RSS concentrations at both stations ranged from eq. 5.9 ± 3.2–76.5 ± 6.5 nM GSH and accounted for 6–30% of the ligands in the samples. The highest RSS concentrations were found in the SML of Jadrija (eq. 76.5 ± 6.5 nM GSH) and Martinska (eq. 34.8 ± 2.8 nM GSH) on April 1st, while their concentration was lower in the corresponding ULW samples, indicating possible atmospheric impact via deposition of various aerosols such as pollen and/or BB in the SML. Moreover, RSS were detected in all SML and ULW samples at Martinska station situated in the Šibenik Bay (in Krka River estuary; Tables 2 and 3), but at higher levels than previously reported for the water column in the upper reach of the Krka River,⁵⁶ possibly due to atmospheric impact.

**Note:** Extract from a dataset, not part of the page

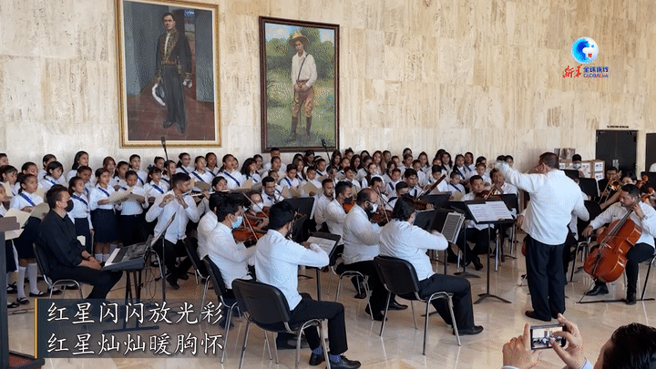 由80名尼加拉瓜小学生组成的国家剧院儿童合唱团,在交响乐队的伴奏下用中文演唱了《红星闪闪》《歌唱祖国》这两首脍炙人口、经久不衰的中国歌曲。对于中文“零基础”的孩子们来说,在短短一周时间内学唱中文歌并登台演出,无疑是一场挑战。

Normalization of L_tot concentrations to the DOC values provides information on the amount of Cu-binding organic ligands per unit mass of organic carbon, [L_tot]/DOC (μmol mg⁻¹ C⁻¹).⁵⁰ The concentrations of L_tot were not found in a constant ratio in the DOC (Tables 2 and 3). The amount of organic ligands by mass unit of DOC ranged from 0.04 to 0.20 μmol mg⁻¹ C⁻¹ with an average value of 0.09 μmol mg⁻¹ C⁻¹ in the SML samples, while the values for the ULW varied to a lesser extent, between 0.02–0.08 μmol mg⁻¹ C⁻¹ with an average value of 0.04 μmol mg⁻¹ C⁻¹. These results indicate a higher number of Cu-binding organic ligands per organic C mass unit in the SML, showing that SML is a specific environment where allochthonous and autochthonous organic ligands accumulate.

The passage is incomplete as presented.